Another notable member of the PETs family, secure multiparty computation, can be used to enable cross-jurisdictional model training. In this scenario, a bank wants to train its machine learning risk model over protected datasets in another country, but needs to protect the model during the training process to ensure the privacy and security of both the data upon which the model was originally trained and the training data located in the other jurisdiction. If the model was visible during the training process, it could easily be reverse engineered to extract information putting the organization at risk of violating a potentially wide range of privacy and related requirements. This makes any exposure of the model itself a direct liability for the bank.
However, leveraging a PETs-powered encrypted training solution, that bank can safely train its encrypted machine learning model across datasets without moving or pooling data in a single location, thereby improving the bank's risk model and enabling more-informed decision making during customer onboarding.
In the health care space, PETs can be used to improve outcomes by enabling stakeholders to securely collaborate without compromising sensitive patient data. Researchers frequently need to utilize multiple, disparate datasets to effectively train AI models to monitor health data relating to drug trials. Such reports are often collated and shared asynchronously, which means the data loses currentness almost immediately and creates onerous data handling and storage problems for those responsible for reassembling and analyzing the data to inform decisions.

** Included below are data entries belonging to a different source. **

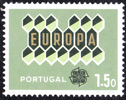 In Portugal erschienen die Europamarken 1962 am 17. September 1962 nicht mit dem Gemeinschaftsmotiv "Stilisierter Baum mit 19 Blättern", sondern mit dem Motiv "Bienenwaben mit Inschrift EUROPA" und dem CEPT-Emblem. Hier die Marke zu 1,50 Escudo, die in einer Auflage von 1 500 000 Stück erschien.
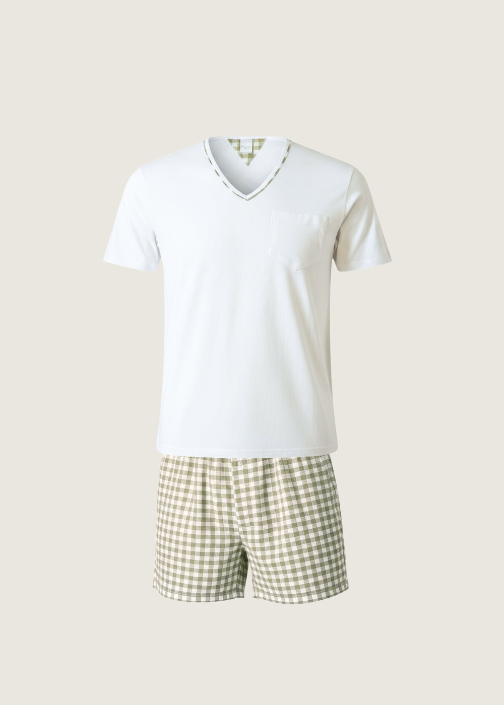 Pijama infantil masculino, bermuda em tecido xadrez 100% algodão, elástico na cintura e blusa em malha de algodão premium na cor branca, gola V, com detalhe do xadrez na gola.
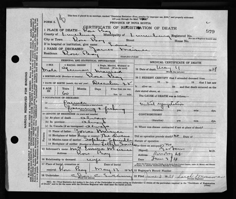Male Death Registration: Year: 1929 file: 127 number: 979

When PETs are used to encrypt a model, researchers can securely analyze data sources where they reside, eliminating the need to pool or centralize data, and enabling data scientists to utilize the most current data available. Furthermore, data owners maintain control over their data throughout the evaluation life cycle which minimizes the risk of data exposure or loss. Health care organizations can also generate insights and recommend action in a business-relevant timeline without exposing sensitive models or the underlying training data.
When determining how AI will be utilized, it is critical organizations consider trust, risk and security of both the capabilities and associated data. Clear policies and guidelines will be key in ensuring these considerations fall into the realm of "must have" versus "nice to have" approaches to leveraging data. Action-oriented directives encouraging the exploration and adoption of PETs, such as those included in the White House's "Executive Order on the Safe, Secure, and Trustworthy Development and Use of Artificial Intelligence" as well as guidance on PETs published by the U.K. Information Commissioner's Office, are steps in the right direction. Additionally, organizations need to lead by example by implementing AI strategies that are built around the principles central to secure AI.
Unfortunately, experience tells us that the push toward such practices is frequently driven by requirements or reactions rather than proactive prioritization. But the opportunity for leadership in the AI space at this moment is immense. Let's take advantage of the current focus to drive for secure AI.